A man with serious cancer located near a kidney was treated at the Carballo Hospital (Galicia) for approximately two years, as if he had a psychiatric disorder, instead of receiving oncological care appropriate to their true illness. According to the information published, mainly due to The Voice of Galicia, The patient was referred to the psychiatric service under the presumption that his symptoms were due to a mental problem. This error had serious consequences for his final diagnosis and treatment.
The question is: How can kidney cancer be confused with a psychiatric illness?
For two years, the patient was admitted to mental health care circuits, despite the fact that at all times he presented symptoms that could correspond to a physical illness. Negligence or ineptitude of the psychiatrists who treated him throughout that time, or both?
In the end, and once the tragedy for the patient’s health was discovered, and the problem was prosecuted, a court has sentenced the Galician Health Service (Sergas) to pay €90,000 for the treatment received and the loss of opportunity for a proper diagnosis. And although the decision is not final and can be appealed by the health administration, the social and popular discredit, both for said health service and especially for the psychiatric class, is being textbook.
The loss of opportunity for the patient, As the ruling clearly states, it refers to the moral and material damage caused when a late or erroneous diagnosis deprives the patient of the possibility of a treatment that could have significantly improved their physical evolution or their final prognosis. In this case, the judges considered it proven that the delay and incorrect clinical guidance negatively influenced the patient’s care.
It is clear that a mistake like this changes people’s lives. In this case for two important reasons. The first due to the tremendous delay of two years in receiving adequate care to treat kidney cancer, and the second due to having been subjected to the stigma of psychiatric treatment that will have endangered her mental health. Also considering the emotional and physical disorders of a psychiatric treatment that, no matter how mild, will have left lifelong consequences. Doctors seem to have opened a debate about making an adequate clinical evaluation of complex patients, especially when physical and emotional symptoms coexist. Wasn’t the patient given kidney tests when he arrived at the hospital, or was he treated directly with psychiatric pills in order to get rid of it?
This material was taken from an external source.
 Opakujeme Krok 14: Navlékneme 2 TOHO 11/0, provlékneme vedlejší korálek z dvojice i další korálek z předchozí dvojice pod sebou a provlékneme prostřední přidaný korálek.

Likewise, it seems that greater coordination will be attempted between mental health services and oncology services in said hospital. Although I am very afraid that we will continue to see errors made by doctors in the future. The excuse, saturation of public health and deficiencies in care due to budgets. We users already know the theory, but so does the perception of neglect among healthcare personnel.

Now the debate on patients’ rights is opening again. Do patients have rights? I know hospitals where the patient care service is attended by the dumbest person in the class, someone who is an expert in getting rid of the trouble that comes to them, extending said attention as long as possible. The protocols, in the case in question, have failed miserably and it is now proposed that there is a need to specialize doctors so that they can distinguish between reactive discomfort and a serious illness, that is, symptoms that require referring patients, with some urgency, to competent specialists.
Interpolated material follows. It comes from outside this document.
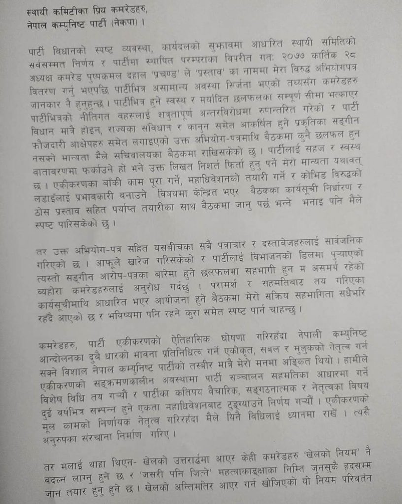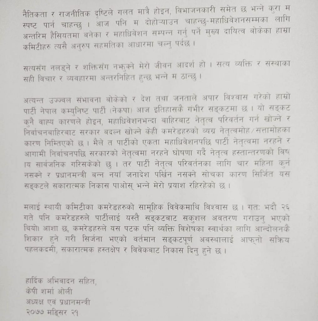 ओलीले स्थायी कमिटीमा पठाएको पत्र सार्वजनिक भएको छ । ओलीको पत्रमा कार्यकारी अध्यक्ष पुष्पकमल दाहाल ‘प्रचण्ड’ले सचिवालय बैठकमा कात्तिक २८ गते पेश गरेको प्रस्ताव फिर्ता नभए बैठकमा सहभागी नहुने कुरालाई महत्वका साथ उल्लेख गरेका छन् ।

This case reopens, as I mentioned before, discussions about medical training for diagnosis without having performed a single test, diagnose quickly and may God distribute lots. When in doubt, a comprehensive multidisciplinary assessment would not be more normal. Perhaps in hospitals there should be a group of doctors dedicated to this type of consultation. It’s okay for a doctor to say that he has no idea about the treatment of one of his patients, rather than implementing a non-existent psychiatric protocol. A person’s life, their history, their dreams, etc., is at stake. And no matter how much justice launches the compensation process that entails, according to the judge on duty, the terrible medical error, the process of mental destruction that said error entails, it will not be solved in life. How to trust that doctor again, another doctor?